FIG. 3 is a cross-sectional view showing an example of a state in which a capsule is embedded in a mold release agent filled in a capsule and sealed in vacuum. The capsules are hot isostatically pressed or hot pressed. 2 and 5 are cross-sectional views showing an example of a set state in a hot press.

Claims (12)

[Claims] (1) Metal impurities are 10 ppm or less, carbon is 50 ppm
The following gas components are 500 ppm or less of oxygen and 10 ppm of hydrogen.
m or less, nitrogen 50 ppm or less, all other components are 1
A sputtering target made of high-purity titanium silicide with a purity of 99.99% or more and a relative density of 80% or more. (2) High purity titanium and silicon are vacuum melted or atmospheric arc melted to produce high purity titanium silicide, which is pulverized, washed with acid and dried to produce high purity titanium silicide powder, which is sintered at a temperature below the melting point. containing 10 ppm or less of metal impurities,
High purity titanium silicide with a carbon content of 50 ppm or less, oxygen content of 500 ppm or less, hydrogen 10 ppm or less, nitrogen 50 ppm or less, and all other components of 1 ppm or less, with a purity of 99.99% or more and a relative density of 80% or more.
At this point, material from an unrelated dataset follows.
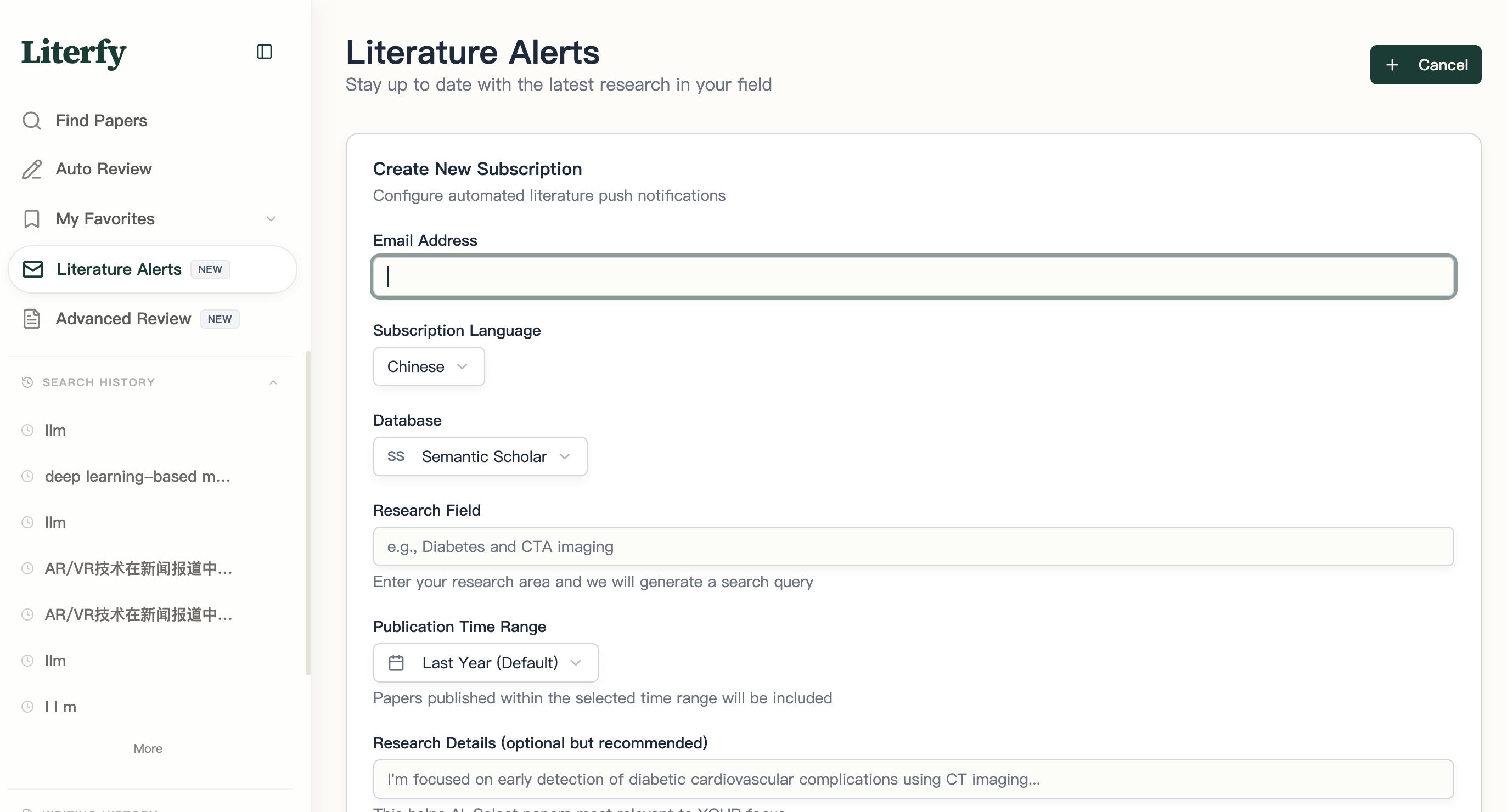 自动驾驶: 订阅某一研究领域,Literfy 会定时向你邮箱发送相关新论文,不用再反复搜索。
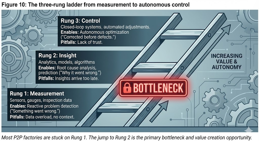 Most P2P factories today are stuck on Rung 1. They have abundant measurement but limited insight, and almost no autonomous control. The jump from Rung 1 to Rung 2 is the primary bottleneck, and it is where the most significant value can be created. This is the domain of the intelligence layer—companies that can take fragmented, batch-level data and transform it into predictive, process-level insights that compound over time.

A method for manufacturing a sputtering target consisting of: (3) High-purity titanium silicide is milled with a particle size of approximately 5
The method for producing a sputtering target according to claim 2, wherein the sputtering target is ground to 0.01 mm to 0.01 mm, washed with acid, and dried in a vacuum or an inert gas atmosphere. (4) A sputtering target according to claim 2 or 3, in which the high-purity titanium silicide is pulverized with a pulverizer whose contact surface is made of acid-soluble iron or iron-based alloy and washed with acid. manufacturing method. (5) Claim 2 in which the acid is hydrochloric acid, nitric acid, sulfuric acid, hydrofluoric acid, or a mixed acid containing two or more of these.
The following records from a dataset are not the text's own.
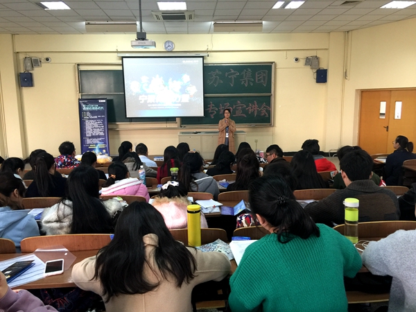会上,彭国伟介绍了苏宁的成长历程,过蕊梅着重介绍了苏宁1200工程校园招聘计划,招聘岗位主要有店长、财务、人事等,陈春燕作为常州大学校友分享了她在苏宁的工作经历和感受。现场开展了抢答题目、赠送礼物的活动,气氛活跃。会后,部分同学与工作人员进行了深入交流,有意向的同学当场填写并提交了职位申请表。(通讯员/黄安军)
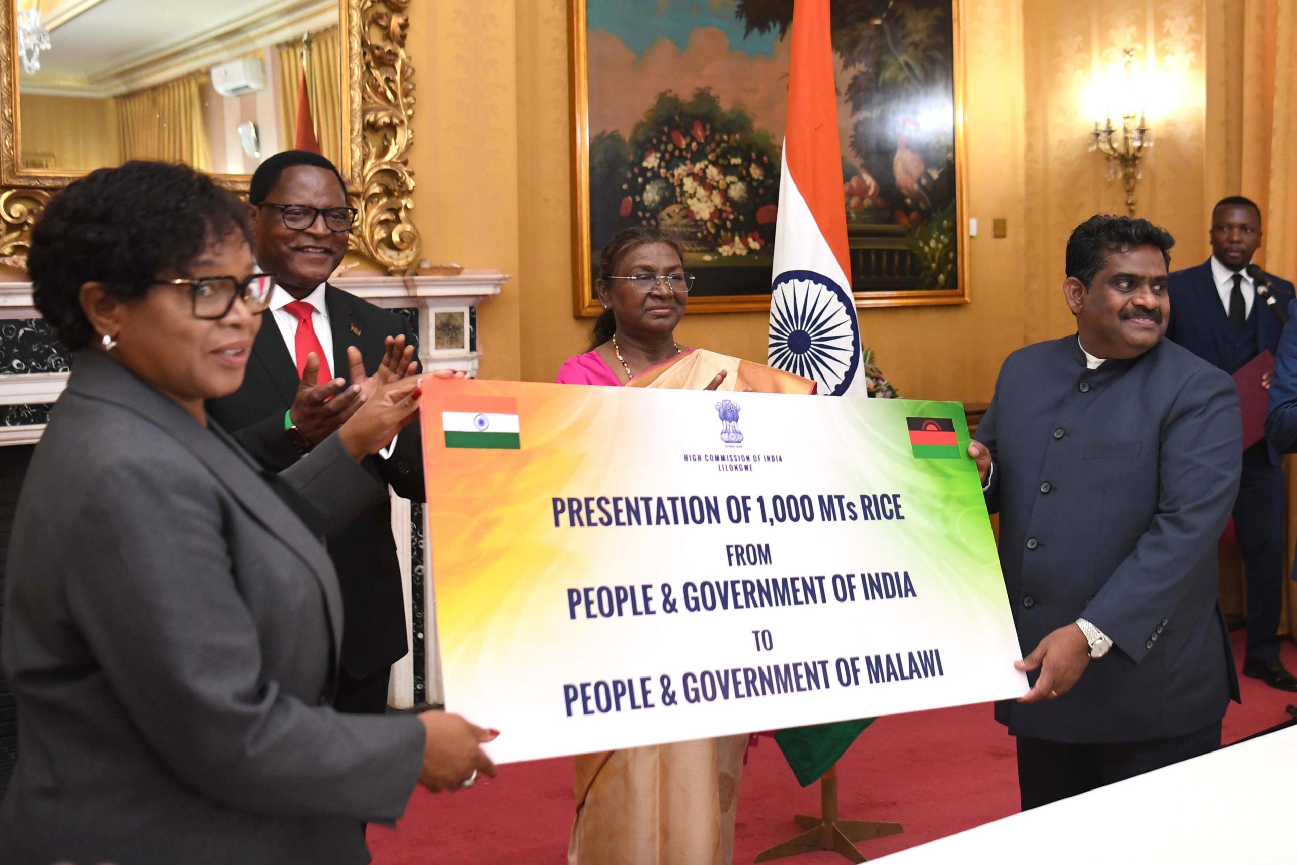 राष्ट्रपति के समक्ष कला और संस्कृति, युवा कार्यक्रम, खेल और फार्मास्युटिकल सहयोग पर समझौता ज्ञापनों पर हस्ताक्षर किए गए। वह भारत की ओर से मलावी को प्रतीकात्मक रुप से मानवीय सहायता के रूप में 1000 मीट्रिक टन चावल सौंपे जाने और मलावी को भाभाट्रॉन कैंसर उपचार मशीन सौंपे जाने की भी साक्षी बनीं। उन्होंने मलावी में एक स्थायी कृत्रिम अंग फिटमेंट सेंटर (जयपुर फुट) की स्थापना में भारत सरकार के समर्थन की भी घोषणा की।
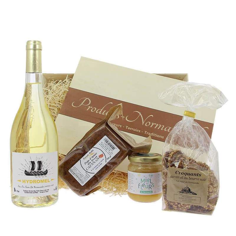 Panier garni Balade normandes Panier gourmand à déguster pour découvrir la Normandie Spécialités du terroir normand Emballé, prêt à offrir ou à faire expédier directement chez un ami
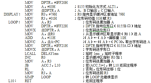 將要顯示的6個數(shù)存放在顯示緩沖區(qū)79H~7EH單元中,將0~F這16個數(shù)的字形碼存放在首地址為CODE的程序存儲區(qū)。從顯示緩沖區(qū)取出要顯示數(shù)送入累加器A,通過變址尋址指令MOVC A,@A+PC將顯示數(shù)轉(zhuǎn)換成對應(yīng)的字形碼。再將字形碼由A送入字形口PA,位形碼送入位選口PB,即可顯示緩沖區(qū)中對應(yīng)的數(shù)字。采用動態(tài)掃描法,則可將79H~7EH中6個數(shù)在6個八段管DG0~DG5上顯示出來。
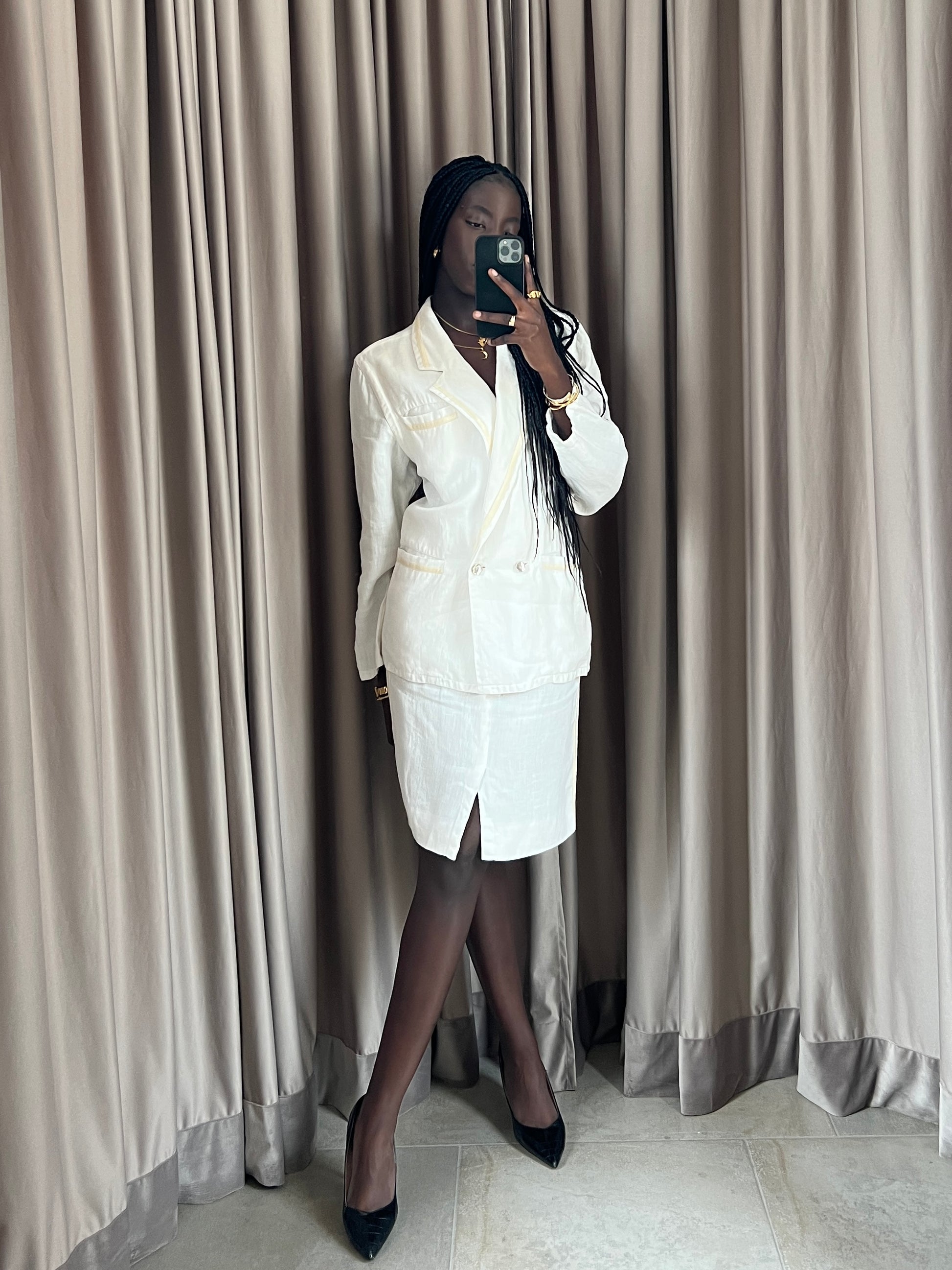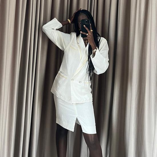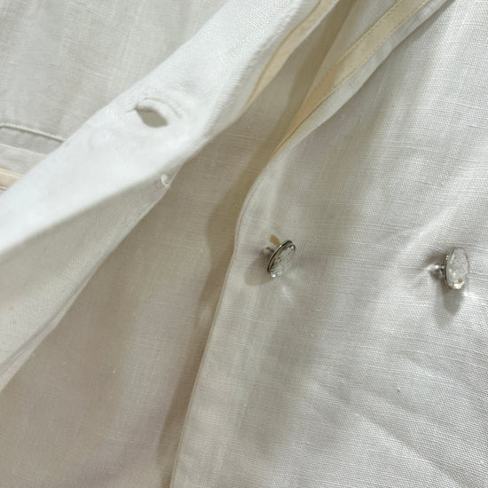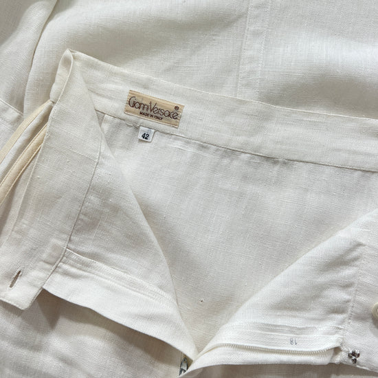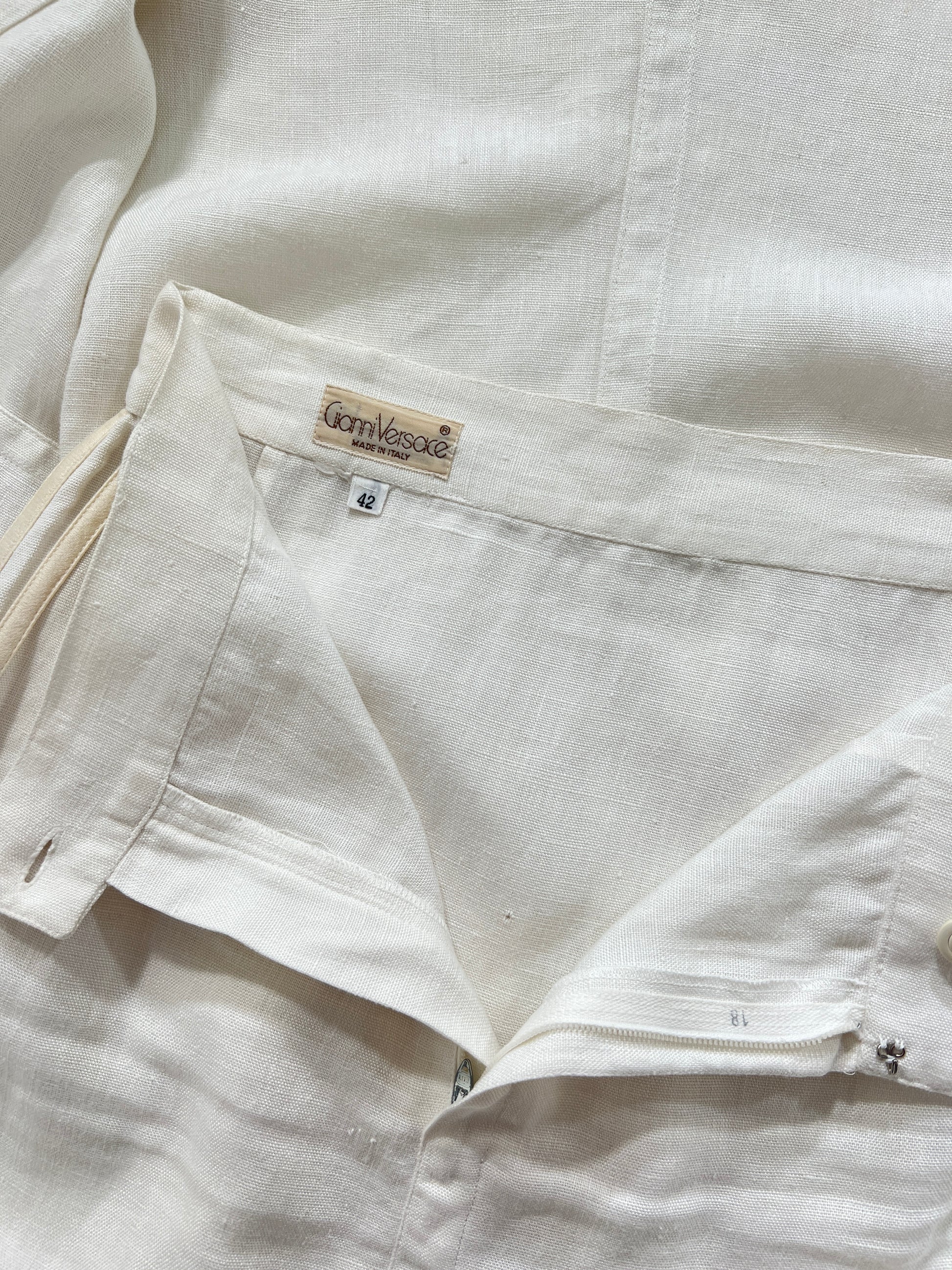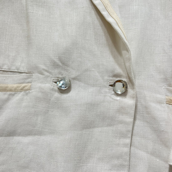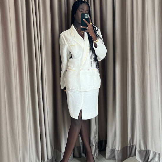 Completo vintage Versace in lino bianco, giacca e gonna, con inserti oro, doppia tasca e bottoni diamante. Ascelle intatte! Fresco, delicato e raro.

A method for manufacturing a sputtering target according to any one of items 1 to 4. (6) The method for producing a sputtering target according to any one of claims 2 to 5, wherein the acid concentration is 0.1N to 5N. (7) Sintering high-purity titanium silicide powder by hot isostatic pressing (HIP) or hot pressing (HP),
Claim 2, which is a sintered body with a relative density of 80% or more
A method for manufacturing a sputtering target according to any one of items 6 to 6. (8) High purity titanium silicide powder is buried in a hot press mold filled with a mold release agent and hot pressed in a vacuum or inert gas atmosphere. A method for manufacturing a sputtering target as described in 2. (9) High purity titanium silicide powder is embedded in a capsule filled with a mold release agent, sealed under vacuum, and hot pressed together with the capsule, according to any one of claims 2 to 8. A method for manufacturing a sputtering target. (10) High purity titanium silicide powder is buried in a capsule filled with a mold release agent and vacuum sealed, and the capsule is further buried in a hot press mold filled with pressure medium powder and hot pressed together with the capsule. Claim 2
9. A method for manufacturing a sputtering target according to any one of items 9 to 9. (11) High-purity titanium silicide powder is embedded in a capsule filled with a mold release agent, vacuum-sealed, and hot isostatically pressed together with the capsule. A method for manufacturing a sputtering target as described in 2. (12) When sintering high-purity titanium silicide,
The sputtering target according to any one of claims 2 to 11, which uses a powder, plate, paper, or cloth-like molded body containing any one of alumina, zirconia, and boron nitride as a mold release agent. Production method.